The transcripts of their conversations were sent as reports to London and the American consulate before being forwarded to the head honchos of the Manhattan Project, America’s vast technological endeavour to develop the world’s first weapon of mass destruction. In February 1992 the transcripts were declassified and published; last month, historian and first-time playwright Katherine Moar’s dramatisation of the Farm Hall conversations premiered at London’s Jermyn Street Theatre.

Dissecting, distilling and revising what must have been hours and hours of conversations between the six men can’t have been a quick or easy feat. But Moar has done a grand job of capturing not only the often esoteric technical conversations between the scientists, but some of the domestic details and time-filling exercises (a reading of Noël Coward’s Blithe Spirit; discussions about which board games to play, and with whom; the fixing-up of a broken piano; etc) that bring the real-life characters to – well, real life. 

Although all those characters share similar professional passions, we have six very different personalities at play here: Heisenberg, the alpha male leader of the pack (Alan Cox); the similarly domineering Weizsäker (Daniel Boyd), a man whose family had strong links to the Third Reich, but who wants to persuade the group to agree to claiming that none of them had never wanted to develop a German atom bomb; Diebner, the emotionally unwieldy nuclear physicist and apparently committed Nazi (Julius D’Silva); Hahn, a guilt-ridden chemist who today is widely regarded as the father of nuclear chemistry (Forbes Masson); Bagge, a student of Weizsäker and apologetic Nazi party member (Archie Backhouse); and Nobel prize-wining physicst Von Laue, a quiet but committed opponent of Hitler’s regime (David Yelland).

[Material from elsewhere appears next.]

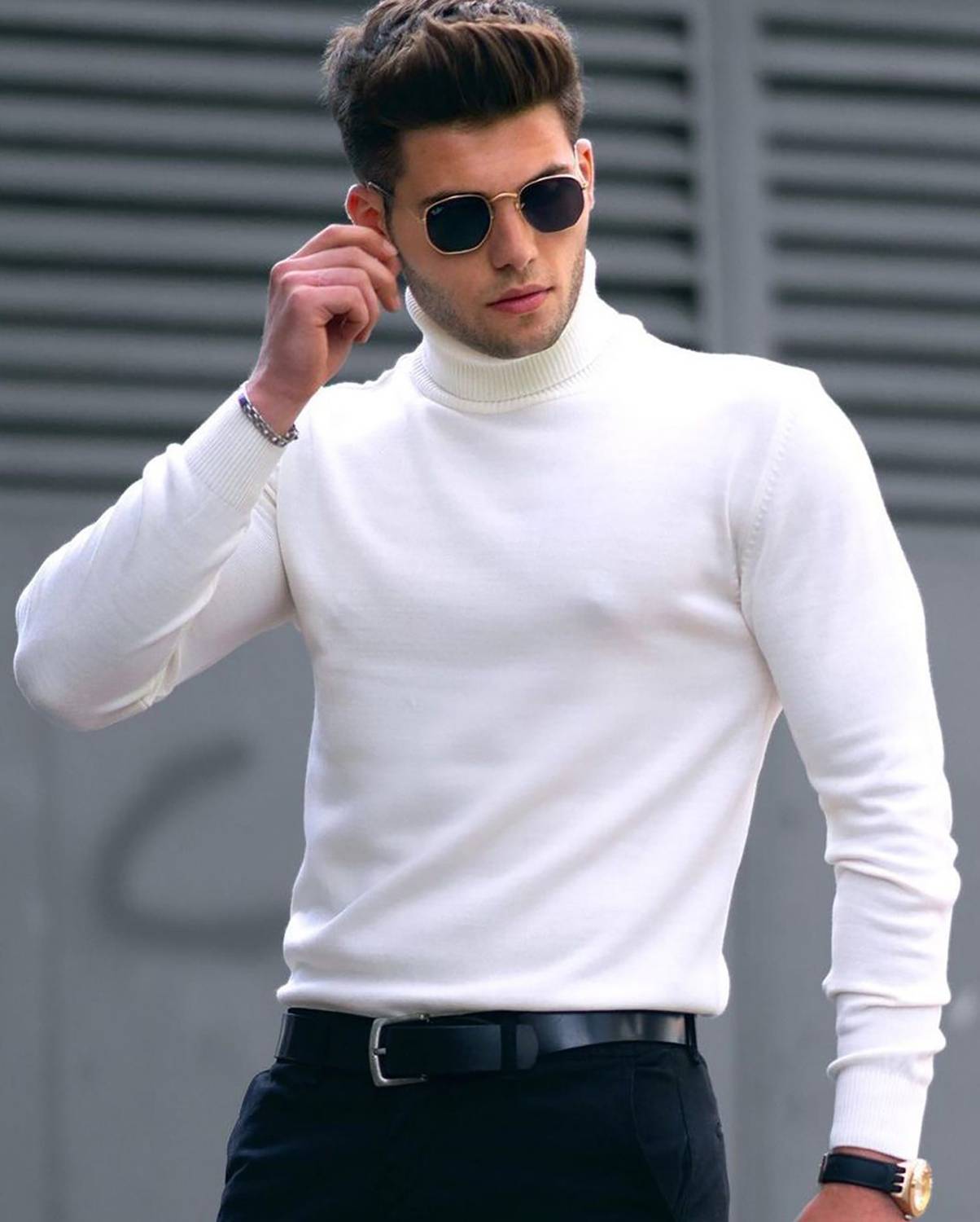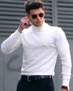 OOSH White Solid High Neck Full Sleeve Casual T-Shirt

So… six fusty eggheads, one static set (the sitting room in a slightly run-down cottage) and, towards the drama’s denouement, the news that the first atomic bomb has been dropped on Hiroshima, wiping out almost 300,000 people in a cataclysmic storm of fire and dust. Heavy going, yes? Taking the play on themes alone, then heavy would be an understatement. But in the safe hands of Moar’s script, Stephen Unwin’s direction and an ensemble cast who bring humour, perspective, moral ambiguity, and idiosyncratic cerebral fireworks to their claustrophobic, stagnant situation (think a naggingly ominous take on Becket’s Waiting for Godot), our 90-minute residency at Farm Hallraces along from the light-hearted opening scenes to Heisenberg/Cox’s compelling and thought-provoking closing monologue without missing a beat. 

Values, friendship, career trajectories, fear, and the politics of war are all at play here, all of the time, and you don’t need to be an expert in quantum physics to understand the all-too human questions at the heart of the matter: what motivates us to do we do the things we do, or to take a particular path; and if we had the opportunity to change that path – or at least to rewrite our own history – would we take it?